**Dataset**
########################################

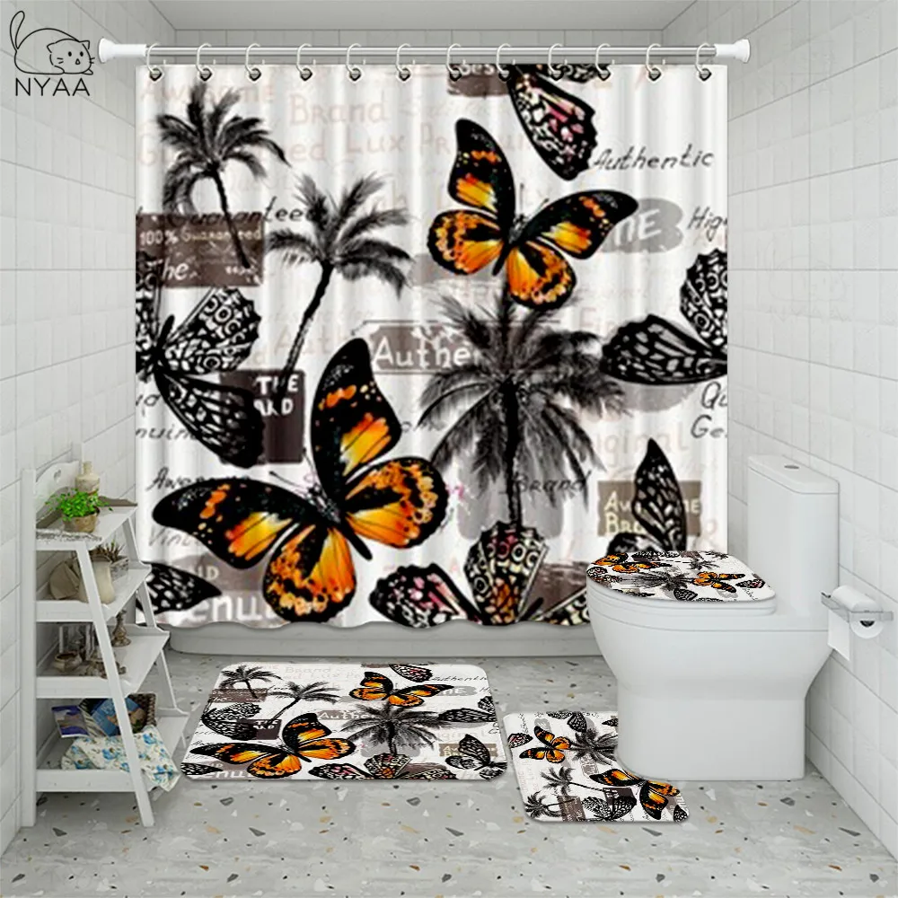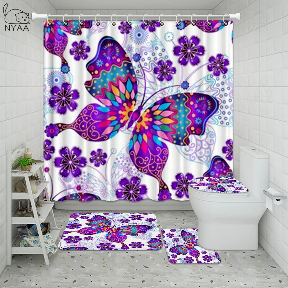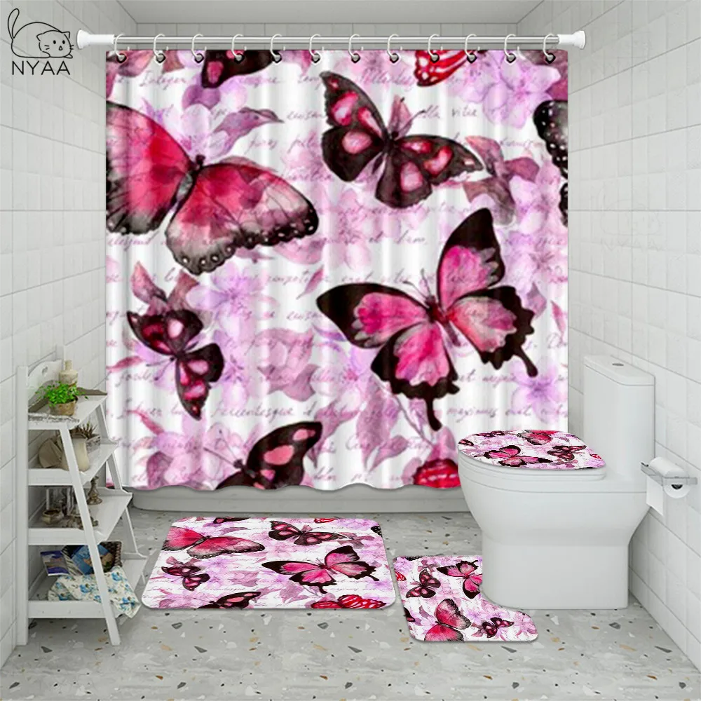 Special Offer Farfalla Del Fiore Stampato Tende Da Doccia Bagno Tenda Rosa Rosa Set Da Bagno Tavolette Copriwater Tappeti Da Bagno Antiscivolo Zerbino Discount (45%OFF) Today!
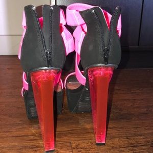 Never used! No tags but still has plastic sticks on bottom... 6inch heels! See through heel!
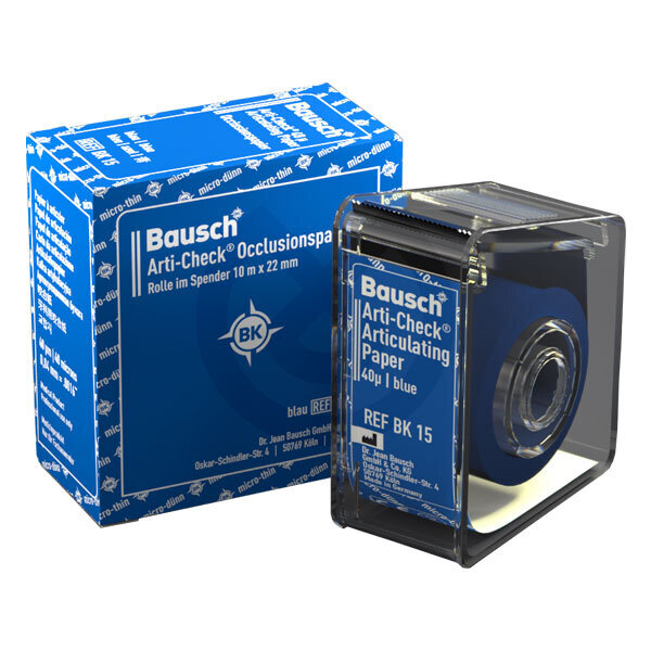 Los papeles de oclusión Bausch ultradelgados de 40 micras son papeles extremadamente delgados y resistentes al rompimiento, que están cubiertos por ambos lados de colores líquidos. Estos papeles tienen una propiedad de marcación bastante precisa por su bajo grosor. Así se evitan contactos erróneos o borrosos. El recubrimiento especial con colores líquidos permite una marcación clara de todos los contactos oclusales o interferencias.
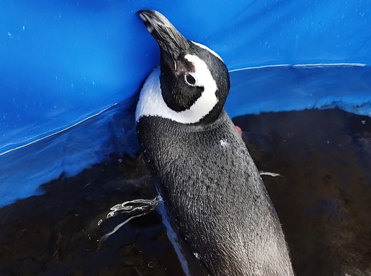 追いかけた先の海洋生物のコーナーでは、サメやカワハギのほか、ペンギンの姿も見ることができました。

########################################

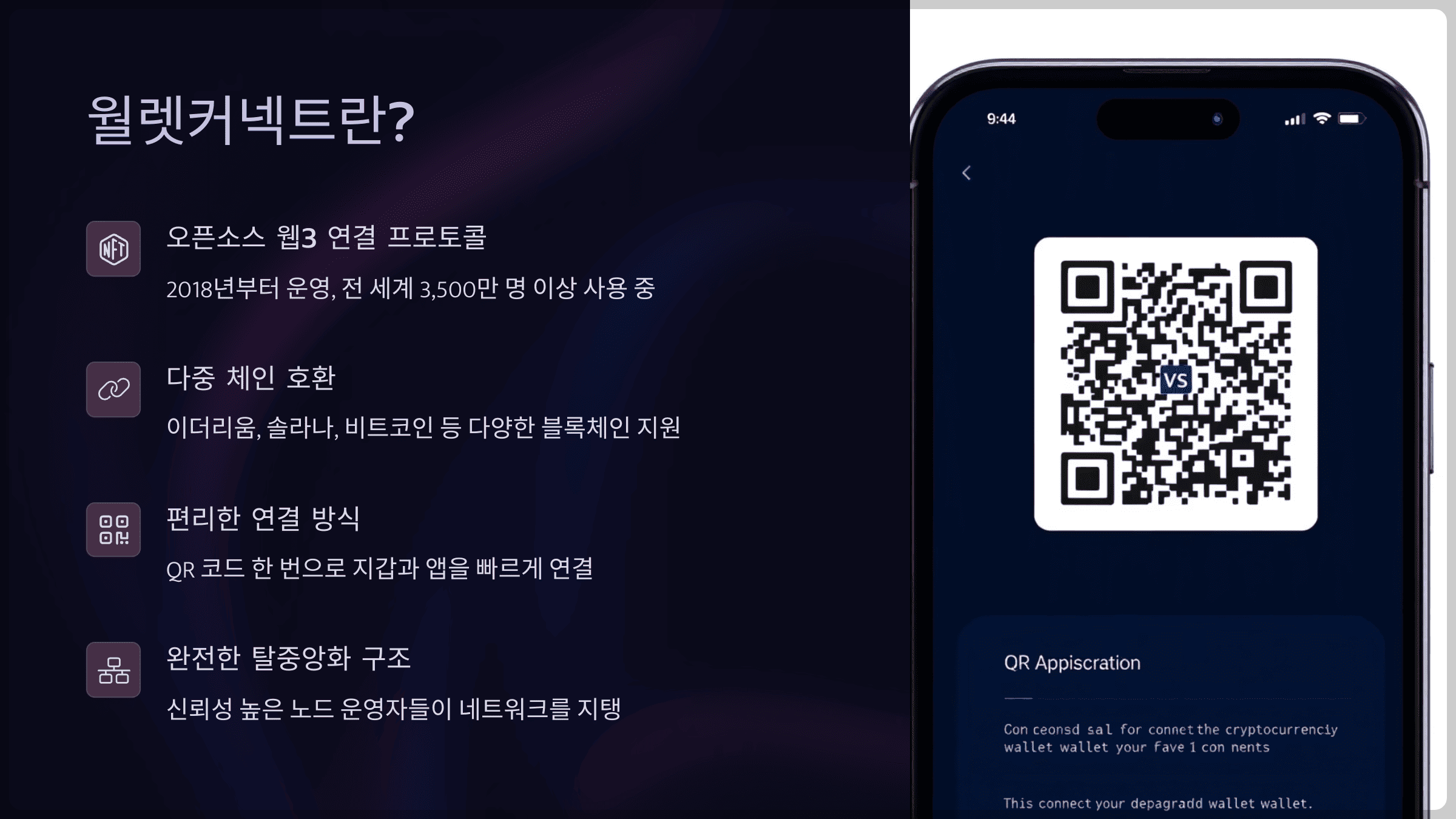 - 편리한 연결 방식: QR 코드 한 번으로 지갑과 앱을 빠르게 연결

########################################

**Assignment**
Using the material above, transcribe exactly the lines from the one holding "Special Offer Farfalla" to the one holding "Los papeles de", both ends kept. Do not carry over any pictures.

**Task answer**
 Special Offer Farfalla Del Fiore Stampato Tende Da Doccia Bagno Tenda Rosa Rosa Set Da Bagno Tavolette Copriwater Tappeti Da Bagno Antiscivolo Zerbino Discount (45%OFF) Today!
 Never used! No tags but still has plastic sticks on bottom... 6inch heels! See through heel!
 Los papeles de oclusión Bausch ultradelgados de 40 micras son papeles extremadamente delgados y resistentes al rompimiento, que están cubiertos por ambos lados de colores líquidos. Estos papeles tienen una propiedad de marcación bastante precisa por su bajo grosor. Así se evitan contactos erróneos o borrosos. El recubrimiento especial con colores líquidos permite una marcación clara de todos los contactos oclusales o interferencias.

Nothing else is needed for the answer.